LAS VEGAS (KTNV) — The federal government released its proposal to address water supply challenges in the Colorado River Basin on Tuesday.

The newly-released draft details three potential action plans from the Bureau of Reclamation, based on proposals submitted last year by the Colorado River water-using states.

The first plan — dubbed "No Action Alternative" in a release — details what would happen to water levels in both the Hoover and Glen Canyon Dams if the current guidelines were to continue operating.

The second plan would model a potential operational change where water would be distributed across the states, based on the "priority of water rights," which would allow the highest amount of water for California.

This model would also include a "reduced release" from Glen Canyon Dam, due to its increasingly low levels.
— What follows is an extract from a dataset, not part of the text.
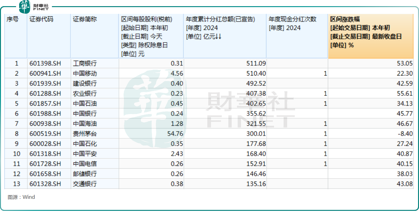 Wind数据显示,截至12月30日,从年度累计分红总额(已宣告)指标来看,13家公司累计分红金额超100亿元,均来自于沪市。其中,工商银行(601398.SH)、中国移动(600941.SH)的派现金额超过500亿元,分红最多;建设银行、农业银行、中国石油(601857.SH)、贵州茅台(600519.SH)、中国平安(601318.SH)等一些公司派现也逾百亿元。

RELATED: Lake Mead water intake straw to be lowered as southern Nevada leaders eye water restrictions

The final plan would model an operational change that would distribute water from both reservoirs at the same percentage across all Colorado River water-using states. This model would also pull a reduced amount from Glen Canyon.

The Bureau of Reclamation is seeking public input on all three potential plans, and those interested can provide feedback through May 30, 2023. The instruction to provide feedback will be detailed in the Federal Register, which will be published on Friday, April 14.

Nevada Governor Joe Lombardo released a statement on Tuesday afternoon, calling the proposals an "important step in a multi-phased process."

Read the full statement below:

“Nevada has long been a leader in urban water efficiency, and our communities and citizens have a strong water conservation ethic. This is an important step in a multi-phased process to protect Lake Mead and put the Colorado River system on a more sustainable trajectory. I have directed our Colorado River representatives to remain actively engaged with state and federal partners and to make every effort to find consensus and agreement on a negotiated path forward. Each of the 40 million Americans that use the river deserve a reliable water supply, but it will take sacrifice from all of us to make that a reality.”

Additional information about the virtual public meetings can be found on the Bureau of Reclamation's website.